-
Notifications
You must be signed in to change notification settings - Fork 27
Description
Hi authors,
Thank you for releasing this codebase and for the great work on RLVER: Reinforcement Learning with Verifiable Emotion Rewards for Empathetic Agents (ICLR 2026 submission).
I am trying to reproduce the RLVER PPO experiments using this repo, but I ran into an inconsistency between the paper and the released code, and I would really appreciate some clarification.
1. Multi-turn rollout & custom_repeat_by_counts
In the RL training loop, there is a version of fit() (in ray_trainer_think.py) that uses multi-turn rollouts and operates on per-sample dialogue turn counts:
turn_count_list = gen_batch_output.non_tensor_batch['dialogue_turns'].tolist()
print("turn_count_list", turn_count_list)
consolidated_turn_count = []
current_count = turn_count_list[0]
remaining = current_count
for count in turn_count_list:
if count == current_count and remaining > 0:
remaining -= 1
else:
consolidated_turn_count.append(current_count)
current_count = count
remaining = current_count - 1
if remaining == 0:
consolidated_turn_count.append(current_count)
batch = batch.repeat(repeat_times=self.config.actor_rollout_ref.rollout.n, interleave=True)
batch = batch.custom_repeat_by_counts(repeat_counts=consolidated_turn_count, interleave=True)
batch = batch.union(gen_batch_output)
However, in the DataProto class shipped in this repo, there is no custom_repeat_by_counts method, so running this version of fit() raises:
AttributeError: 'DataProto' object has no attribute 'custom_repeat_by_counts'
At the same time, there is another simpler version of fit() which only does:
batch = batch.repeat(repeat_times=self.config.actor_rollout_ref.rollout.n, interleave=True)
batch = batch.union(gen_batch_output)
self._balance_batch(batch, metrics=metrics)
This version does not use dialogue_turns or per-sample repeat counts, and seems more like the standard VERL PPO loop (without the multi-turn alignment logic described in the RLVER paper).
- My questions
To faithfully reproduce the RLVER results on multi-turn conversations, I’m not sure which implementation I should follow, and what the intended behavior is.
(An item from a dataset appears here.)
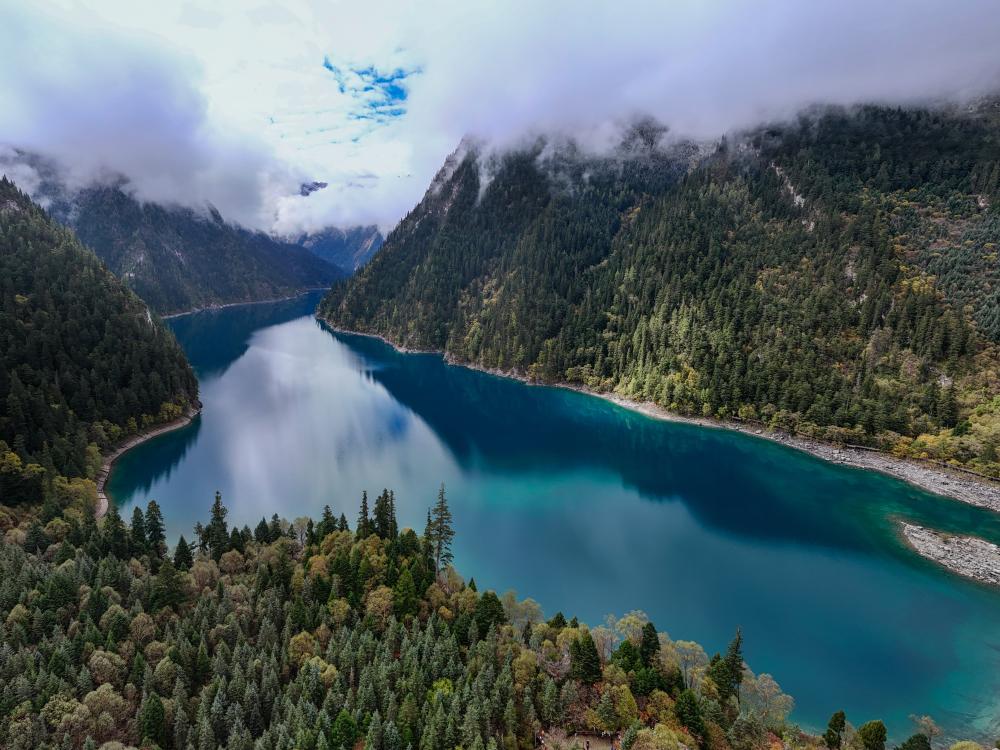 從高空中俯瞰,樹正溝、日則溝和則查洼溝3條主溝呈不規則的“Y”字形躺臥于九寨溝起伏的峰巒之間。數以萬計的游客散落在綿延40多公里的狹長溝谷內,卻并不顯得擁擠。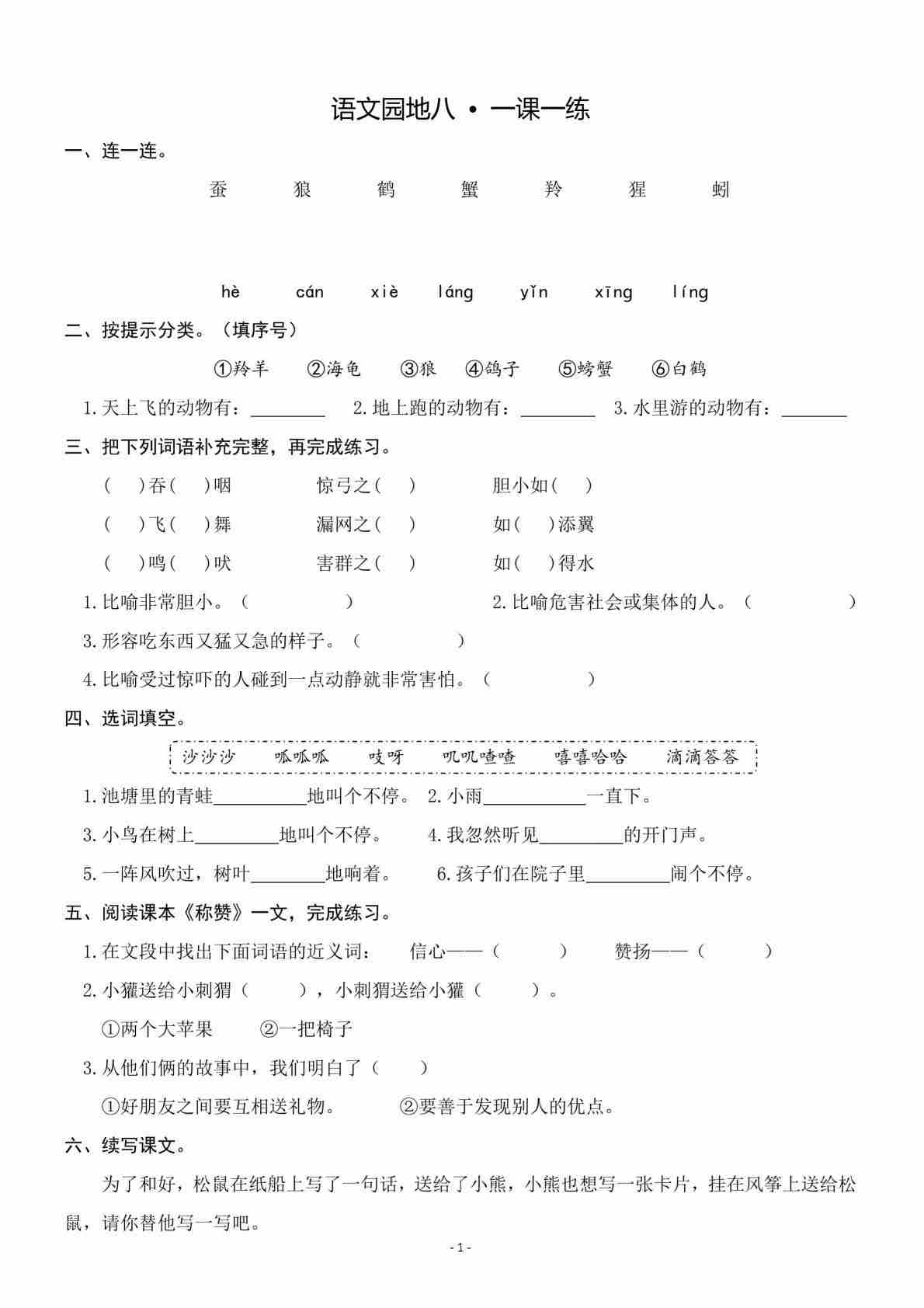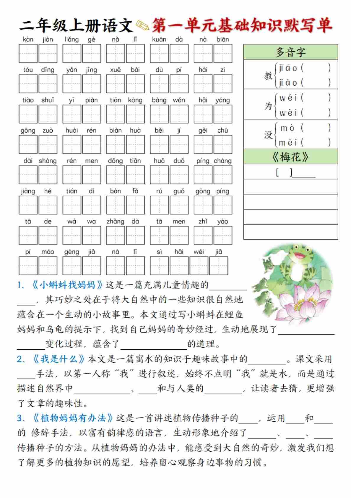 二(上)语文1-8单元基础知识默写单10页

Concretely, could you please clarify:
Where is DataProto.custom_repeat_by_counts defined?
Is there an internal / modified verl version that includes this method, which hasn’t been pushed to this repo yet?
If possible, could you share the implementation or the intended semantics of custom_repeat_by_counts (e.g., how it uses consolidated_turn_count to expand the batch)?
Which fit() implementation corresponds to the RLVER paper experiments?
Is the RLVER paper using the multi-turn code path that relies on dialogue_turns + custom_repeat_by_counts?
Or are the released results based on the simpler batch.repeat(...); _balance_batch(...) version?
Multi-turn reward shaping details
Since RLVER uses multi-turn simulated users and turn-level emotion scores, it would be very helpful if you could confirm:
How the dialogue is grouped into episodes when dialogue_turns varies per sample;
How the per-turn rewards are aggregated / aligned with the PPO rollout n (e.g., when rollout.n=1 vs n>1).
- Minimal reproduction
Task: RLVER PPO training with multi-turn environment (vllm_multi_turn_via_chat)
Model: e.g., Qwen/Qwen2.5-3B-Instruct
Code path: use the fit() version that calls batch.custom_repeat_by_counts(...)
Error:
AttributeError: 'DataProto' object has no attribute 'custom_repeat_by_counts'
If I instead switch to the simpler fit() version (without custom_repeat_by_counts), the code runs, but then I’m not confident that this matches the multi-turn rollout and reward handling described in the RLVER paper.
Thank you very much for your time, and for any guidance you can provide. Having these details (or the missing helper function) would greatly help the community to reproduce and build upon RLVER.